The reality is that 8,100 people in a country with an estimated population of 1.3 billion people hardly register a blip on the political radar. Chinese officials, however, have demonstrated great concern about grass-root efforts in the past. Their response to this effort was predictable.
“When the document first appeared online in mid-December, its impact was limited. Many of the original signers were lawyers, writers and other intellectuals who had long been known for their pro-democracy stance. The Chinese government moved quickly to censor the charter — putting those suspected of having written it under surveillance, interrogating those who had signed, and deleting any mention of it from the Internet behind its great firewall. Then something unusual happened. Ordinary people such as Tang with no history of challenging the government began to circulate the document and declare themselves supporters. The list now includes scholars, journalists, computer technicians, businessmen, teachers and students whose names had not been associated with such movements before, as well as some on the lower rungs of China’s social hierarchy — factory and construction workers and farmers. ‘This is the first time that anyone other than the Communist Party has put in written form in a public document a political vision for China,’ said Xiao Qiang, an adjunct professor of journalism at the University of California at Berkeley, a human rights activist and director of the China Internet Project, which monitors conversation on China’s vast network of electronic bulletin-board systems, blogs and Web sites. ‘It’s dangerous to be associated with dissidents, so in the past, other, ordinary people have not signed such documents. But this time it is different. It has become a citizens’ movement.’ The party in China maintains a monopoly on power, but its authority is now being challenged in the charter and on a number of other philosophical fronts.”

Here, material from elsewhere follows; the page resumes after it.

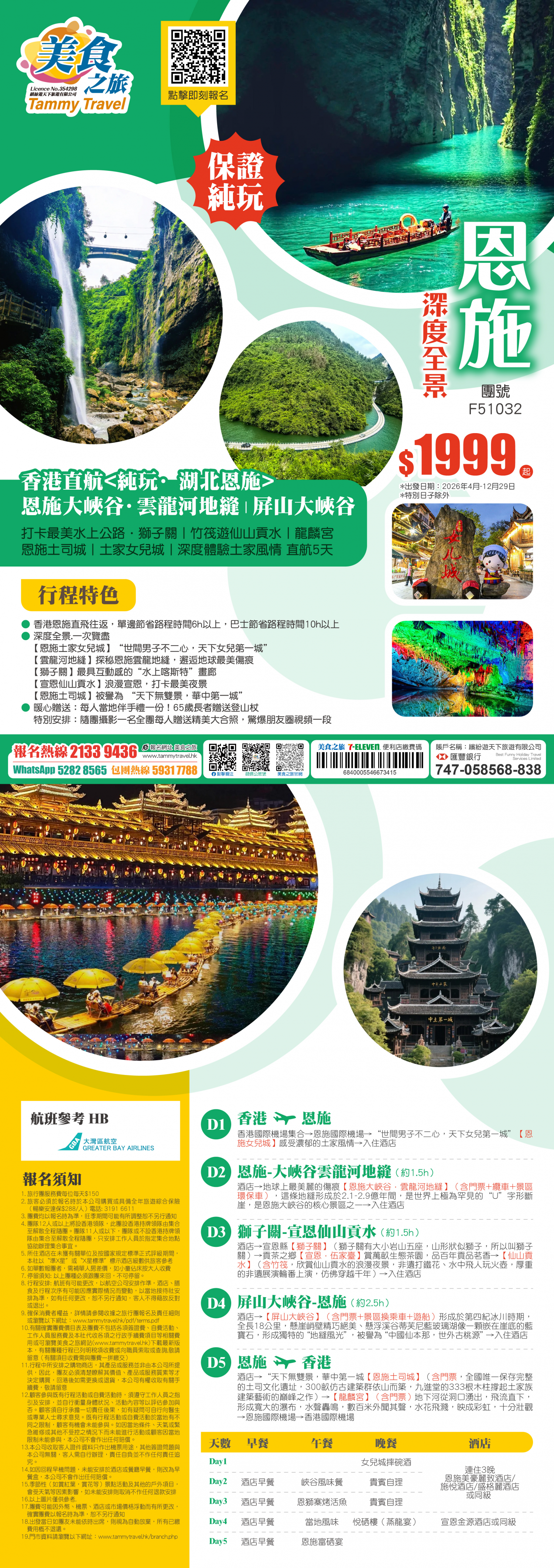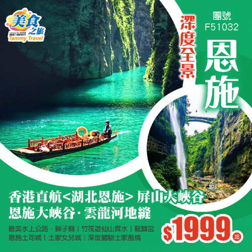 香港直航<純玩·湖北恩施> 深度全景 恩施大峽谷·雲龍河地縫 “中國仙本那”屏山大峽谷 打卡最美水上公路獅子關 仙山貢水 恩施土司城 龍麟宮 深度體驗土家風情 純玩直航5天

Other movements are also afoot that challenge Chinese citizens ability to speak openly and think freely.
“On Jan. 13, a group of more than 20 Chinese intellectuals signed an open letter calling for a boycott of state television news programs because of what they said is systematic bias and brainwashing, and separately, a Beijing newspaper ran a commentary that argued that freedom of speech is written into the constitution and that the authorities cannot solely decide whether something is ‘absurd versus not, or progressive versus reactionary, or progressive versus reactionary.’ On Jan. 7, a prominent Chinese lawyer, Yan Yiming, went to the Finance Ministry and filed an application demanding that it open to the public its 2008 and 2009 budget books, including information about its $586 billion economic stimulus plan. ‘Our government must exercise its power in the open sunlight,’ Yan wrote. And early [in January], the editors of the newspaper Southern Weekend echoed text from Charter 08 but did not directly refer to it when the paper expressed worry about the future of the state and said it supports ‘progress, democracy, freedom, human rights.’ … Charter 08 lays out a comprehensive overhaul of the current political system by ending one-party rule and introducing freedom of speech, an independent court system and direct elections. It is modeled after Charter 77, which was put together by scholars and demanded rights for Czechoslovakia in 1977, preceding the collapse of communism by 12 years.”
No one seriously believes that China is will dump its single-party system anytime soon. But Charter 08 and other efforts do reflect cracks in the communist’s great political wall.
“The evolution of Charter 08 is being closely monitored outside China to see how far the government will go to squelch it. China’s No. 4 official, Jia Qinglin, warned in the party’s theoretical journal Qiu Shi in mid-January that the country should ‘build a defensive line against interference by incorrect Western thinking.’ Jia dismissed the ideas of a multiparty system and separation of powers as erroneous. At Beijing University’s law school, students who are party members have been warned not to get involved with Charter 08, as have researchers at the country’s top government-funded research group, the Chinese Academy of Social Sciences. At least one man — Liu Xiaobo, 53, a literary critic and dissident who spent 20 months in jail for joining student protesters in Tiananmen Square — has been detained on suspicion of being one of Charter 08’s organizers. His detention prompted an international outcry. Writers including Salman Rushdie and Margaret Atwood have called for Liu’s release.”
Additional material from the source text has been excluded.